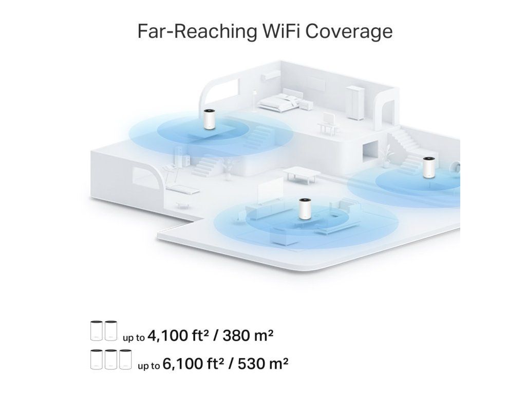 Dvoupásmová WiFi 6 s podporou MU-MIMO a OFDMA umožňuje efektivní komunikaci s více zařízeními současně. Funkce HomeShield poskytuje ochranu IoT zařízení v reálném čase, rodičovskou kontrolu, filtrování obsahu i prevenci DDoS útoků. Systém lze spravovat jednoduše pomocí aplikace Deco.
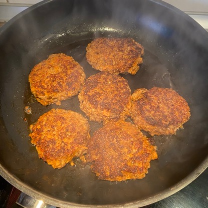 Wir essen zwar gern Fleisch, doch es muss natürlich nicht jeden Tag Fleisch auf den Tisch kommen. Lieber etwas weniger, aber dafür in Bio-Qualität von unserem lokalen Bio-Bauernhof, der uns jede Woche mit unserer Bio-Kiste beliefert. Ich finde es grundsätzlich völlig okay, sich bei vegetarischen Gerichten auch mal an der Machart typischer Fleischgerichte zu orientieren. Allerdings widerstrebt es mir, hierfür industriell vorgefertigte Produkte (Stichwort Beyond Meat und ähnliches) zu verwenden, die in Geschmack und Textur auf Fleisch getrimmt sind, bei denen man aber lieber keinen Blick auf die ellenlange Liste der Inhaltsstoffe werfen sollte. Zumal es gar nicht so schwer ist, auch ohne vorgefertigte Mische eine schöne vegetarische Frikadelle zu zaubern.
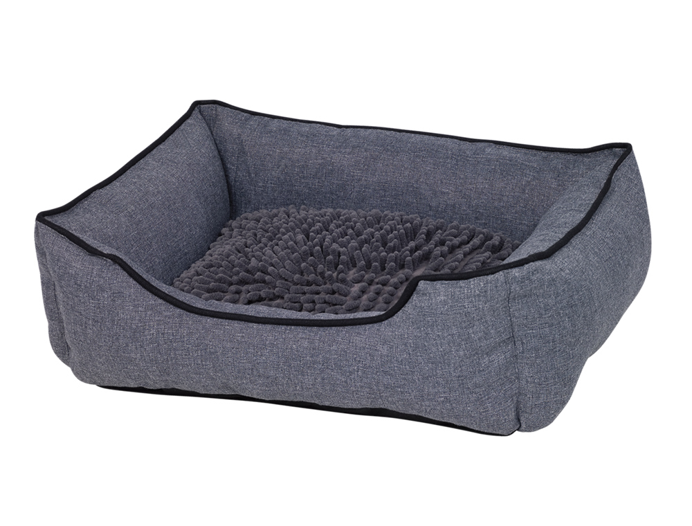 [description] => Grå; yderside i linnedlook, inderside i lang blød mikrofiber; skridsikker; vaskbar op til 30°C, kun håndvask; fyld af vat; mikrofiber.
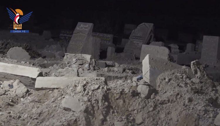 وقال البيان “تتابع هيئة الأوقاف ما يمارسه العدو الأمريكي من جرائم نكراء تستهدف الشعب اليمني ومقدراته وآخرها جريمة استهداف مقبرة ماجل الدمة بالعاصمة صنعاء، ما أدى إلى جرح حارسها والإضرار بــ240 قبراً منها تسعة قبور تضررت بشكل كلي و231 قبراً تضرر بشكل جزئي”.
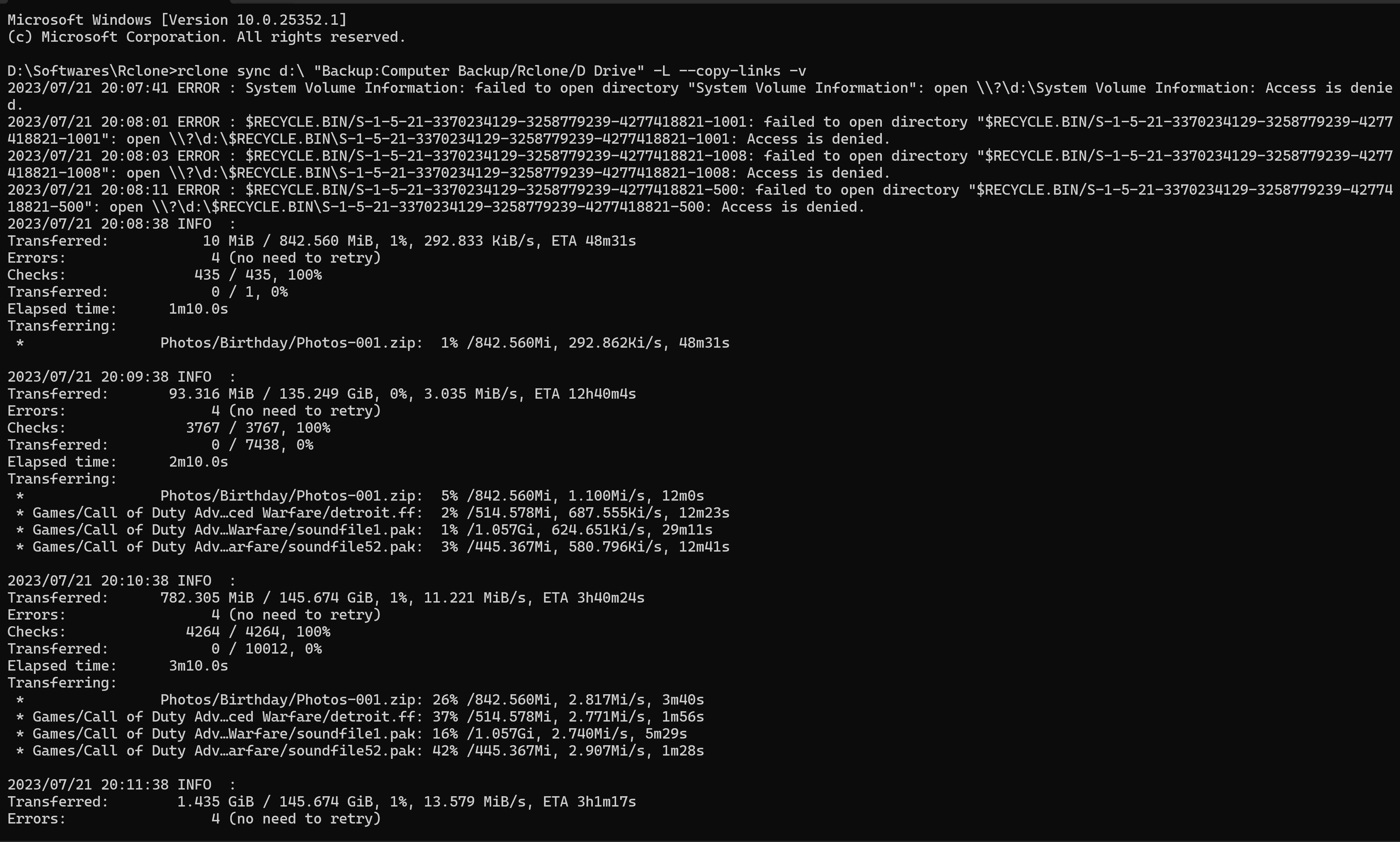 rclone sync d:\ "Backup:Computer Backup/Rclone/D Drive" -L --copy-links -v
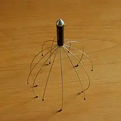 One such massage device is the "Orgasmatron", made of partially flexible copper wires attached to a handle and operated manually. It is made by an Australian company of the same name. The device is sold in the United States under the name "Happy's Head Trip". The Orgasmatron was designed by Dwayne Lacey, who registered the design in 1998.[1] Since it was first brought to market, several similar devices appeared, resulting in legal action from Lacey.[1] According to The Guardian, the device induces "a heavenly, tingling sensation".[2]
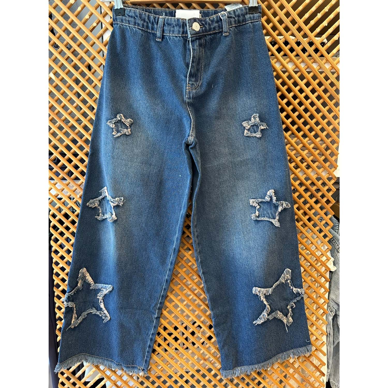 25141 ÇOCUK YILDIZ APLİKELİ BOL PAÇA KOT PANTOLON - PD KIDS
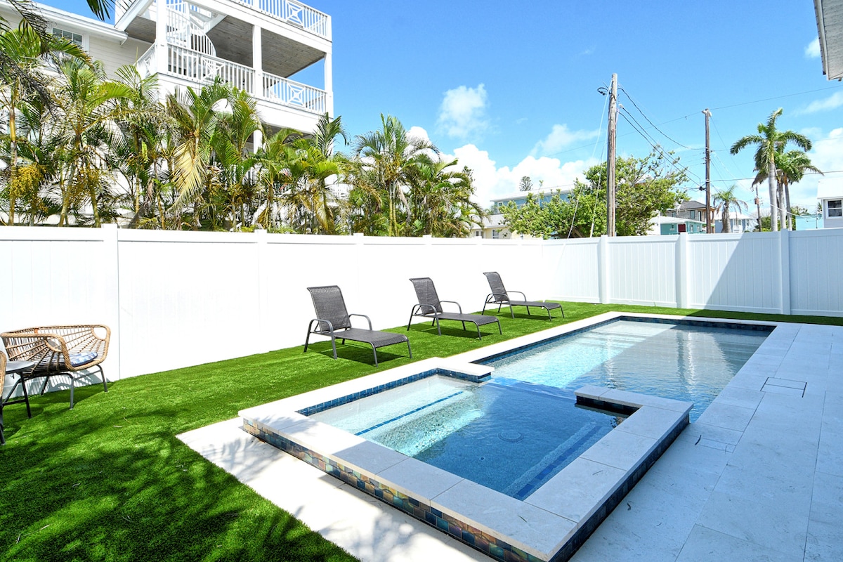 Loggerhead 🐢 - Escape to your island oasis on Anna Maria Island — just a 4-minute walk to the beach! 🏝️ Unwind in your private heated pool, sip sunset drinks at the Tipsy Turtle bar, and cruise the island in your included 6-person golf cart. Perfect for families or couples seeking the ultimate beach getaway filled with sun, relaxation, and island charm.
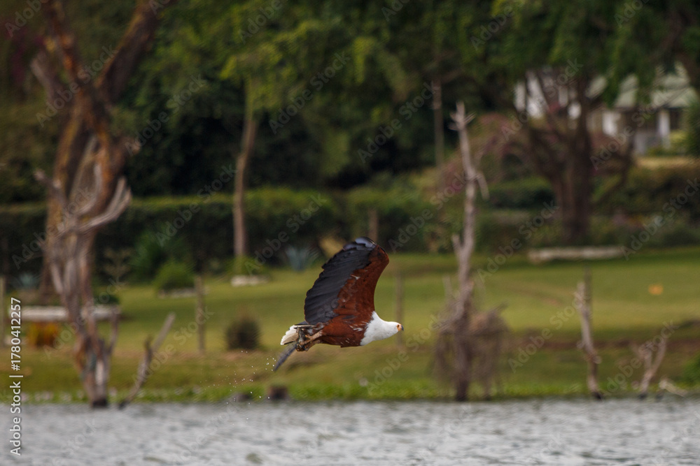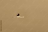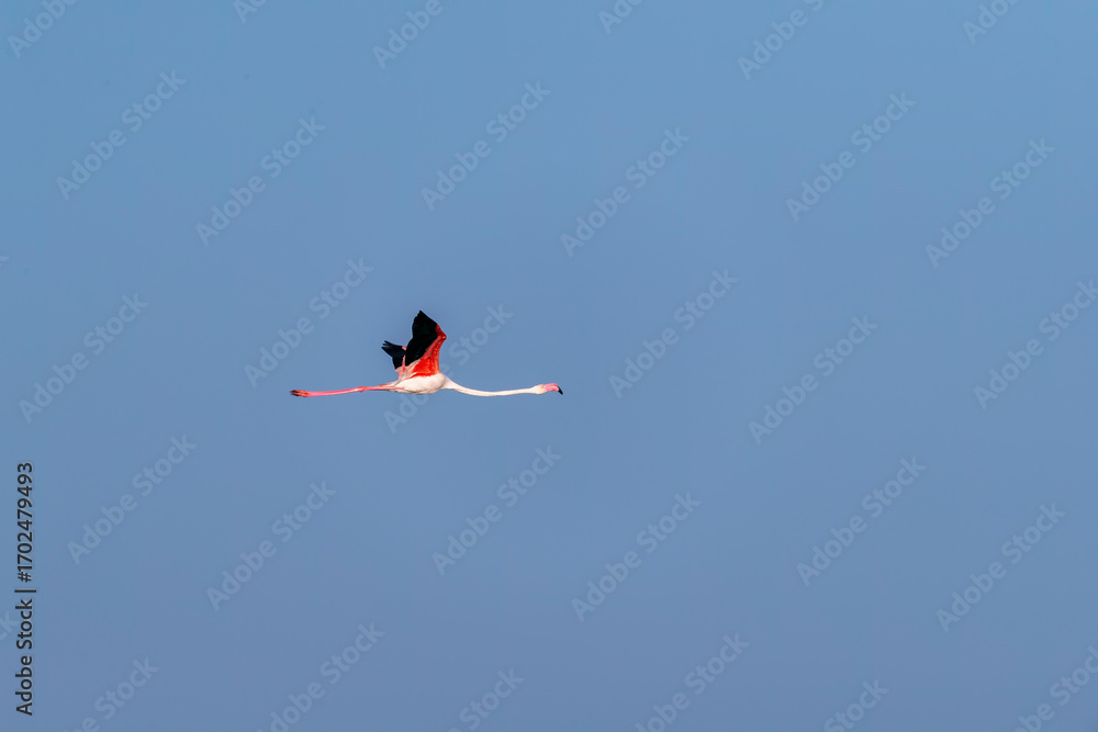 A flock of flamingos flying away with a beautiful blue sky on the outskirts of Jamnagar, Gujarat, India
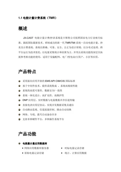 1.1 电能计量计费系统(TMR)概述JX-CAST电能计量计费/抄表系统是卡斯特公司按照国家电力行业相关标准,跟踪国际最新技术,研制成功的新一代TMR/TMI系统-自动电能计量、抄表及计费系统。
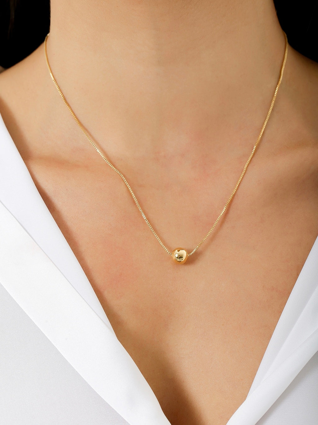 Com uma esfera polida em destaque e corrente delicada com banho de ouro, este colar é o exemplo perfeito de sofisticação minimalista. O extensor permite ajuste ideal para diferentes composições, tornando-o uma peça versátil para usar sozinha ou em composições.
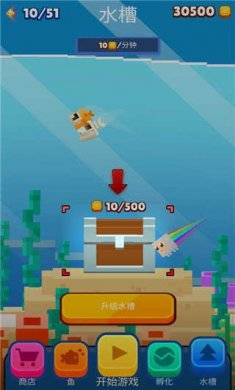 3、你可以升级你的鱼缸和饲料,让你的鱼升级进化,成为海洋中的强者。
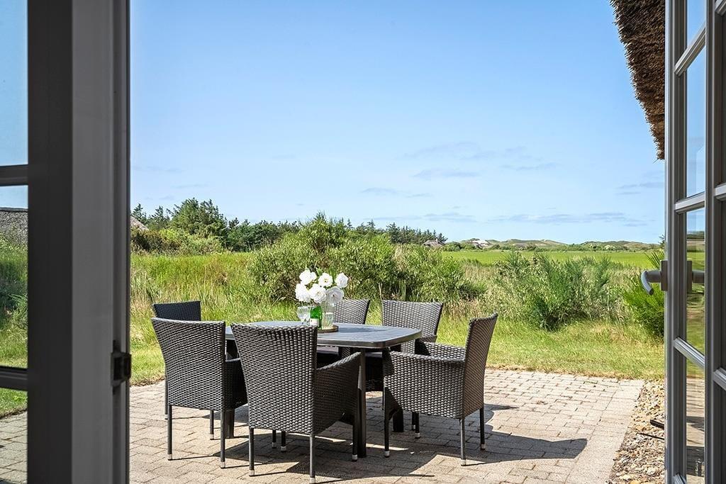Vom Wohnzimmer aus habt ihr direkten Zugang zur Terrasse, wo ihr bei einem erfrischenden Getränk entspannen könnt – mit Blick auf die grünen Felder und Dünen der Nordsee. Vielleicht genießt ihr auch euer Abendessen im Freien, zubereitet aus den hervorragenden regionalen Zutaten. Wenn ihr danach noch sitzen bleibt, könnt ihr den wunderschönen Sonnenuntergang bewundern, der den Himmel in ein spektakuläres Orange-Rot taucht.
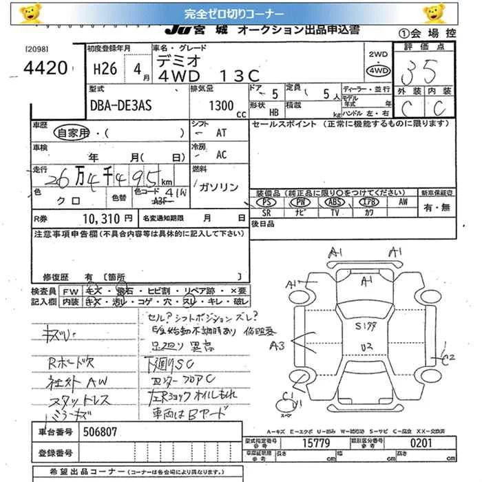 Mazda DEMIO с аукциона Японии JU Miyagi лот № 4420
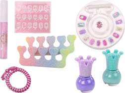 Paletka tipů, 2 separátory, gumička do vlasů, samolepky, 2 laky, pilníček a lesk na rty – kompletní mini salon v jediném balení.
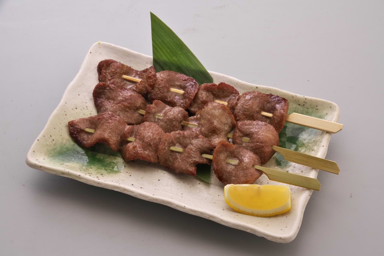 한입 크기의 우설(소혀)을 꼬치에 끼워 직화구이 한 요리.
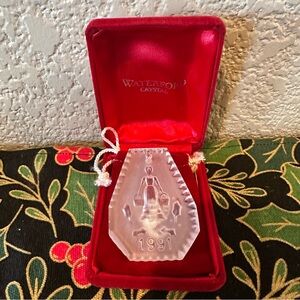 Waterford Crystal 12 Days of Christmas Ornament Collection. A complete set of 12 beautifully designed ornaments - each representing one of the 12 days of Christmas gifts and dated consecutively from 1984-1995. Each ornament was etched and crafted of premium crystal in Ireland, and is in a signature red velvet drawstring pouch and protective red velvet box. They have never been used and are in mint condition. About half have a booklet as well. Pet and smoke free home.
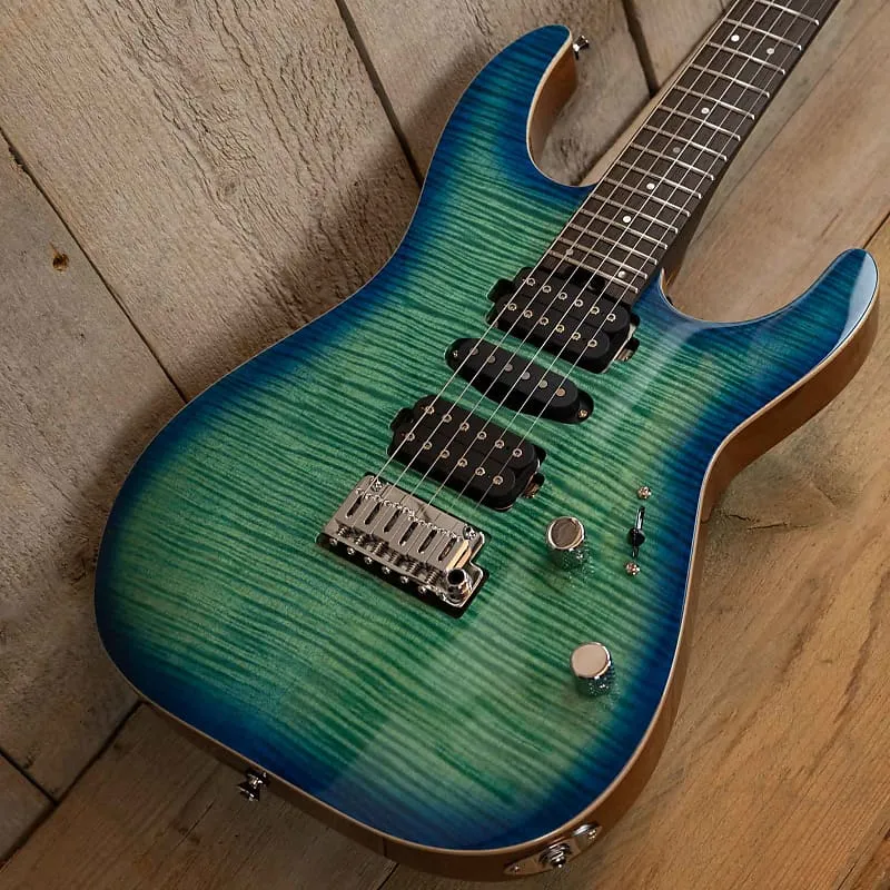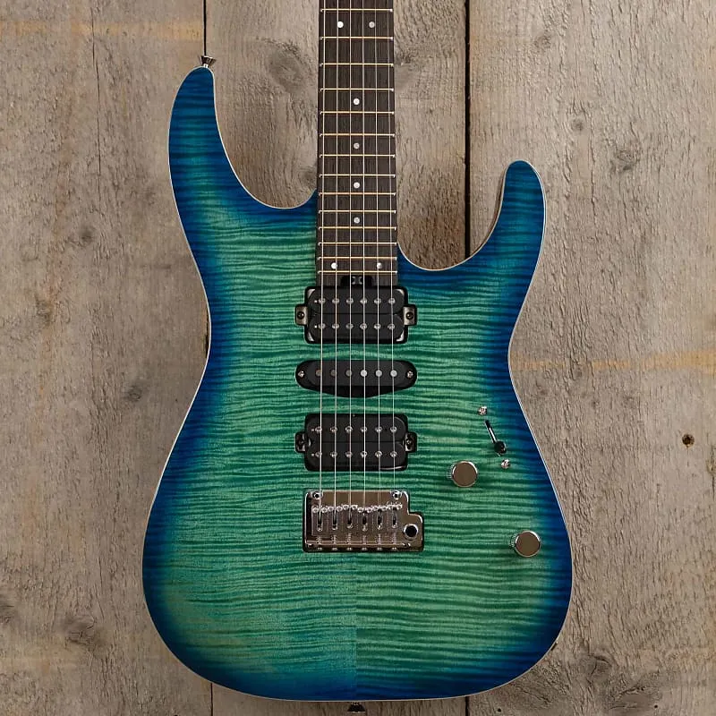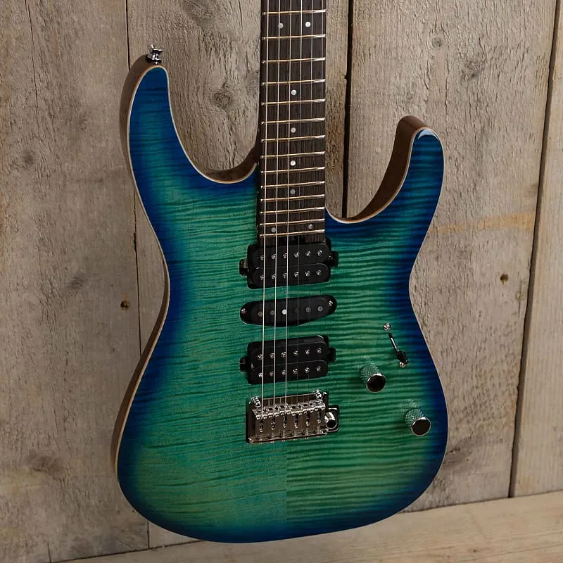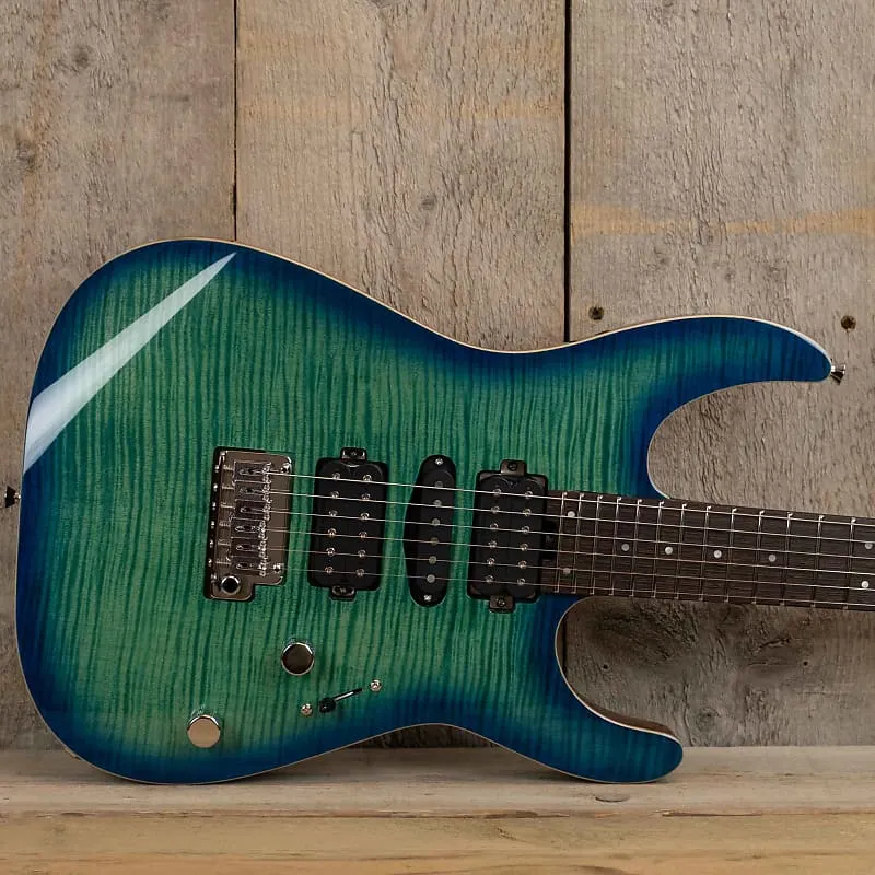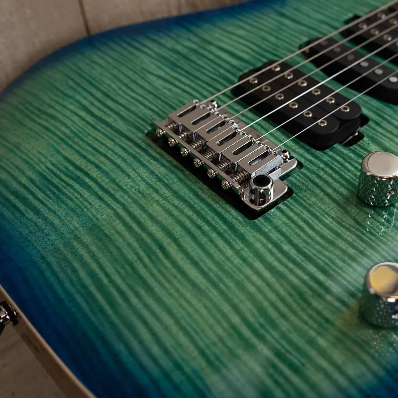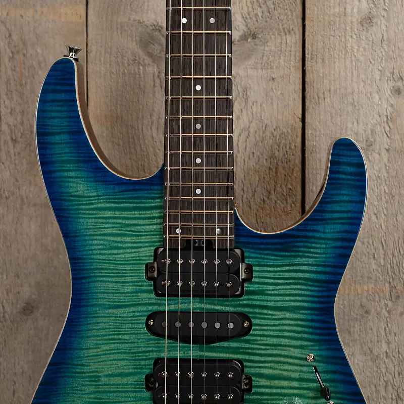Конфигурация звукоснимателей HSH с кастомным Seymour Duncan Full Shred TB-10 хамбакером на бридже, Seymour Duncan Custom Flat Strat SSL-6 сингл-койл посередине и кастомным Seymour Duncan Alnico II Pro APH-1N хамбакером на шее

--------

Look through the listing above for the line with "Wir essen zwar" and the line with "rclone sync d:\". Write out exactly those lines and everything between, leaving out pictures.

 Wir essen zwar gern Fleisch, doch es muss natürlich nicht jeden Tag Fleisch auf den Tisch kommen. Lieber etwas weniger, aber dafür in Bio-Qualität von unserem lokalen Bio-Bauernhof, der uns jede Woche mit unserer Bio-Kiste beliefert. Ich finde es grundsätzlich völlig okay, sich bei vegetarischen Gerichten auch mal an der Machart typischer Fleischgerichte zu orientieren. Allerdings widerstrebt es mir, hierfür industriell vorgefertigte Produkte (Stichwort Beyond Meat und ähnliches) zu verwenden, die in Geschmack und Textur auf Fleisch getrimmt sind, bei denen man aber lieber keinen Blick auf die ellenlange Liste der Inhaltsstoffe werfen sollte. Zumal es gar nicht so schwer ist, auch ohne vorgefertigte Mische eine schöne vegetarische Frikadelle zu zaubern.
 [description] => Grå; yderside i linnedlook, inderside i lang blød mikrofiber; skridsikker; vaskbar op til 30°C, kun håndvask; fyld af vat; mikrofiber.
 وقال البيان “تتابع هيئة الأوقاف ما يمارسه العدو الأمريكي من جرائم نكراء تستهدف الشعب اليمني ومقدراته وآخرها جريمة استهداف مقبرة ماجل الدمة بالعاصمة صنعاء، ما أدى إلى جرح حارسها والإضرار بــ240 قبراً منها تسعة قبور تضررت بشكل كلي و231 قبراً تضرر بشكل جزئي”.
 rclone sync d:\ "Backup:Computer Backup/Rclone/D Drive" -L --copy-links -v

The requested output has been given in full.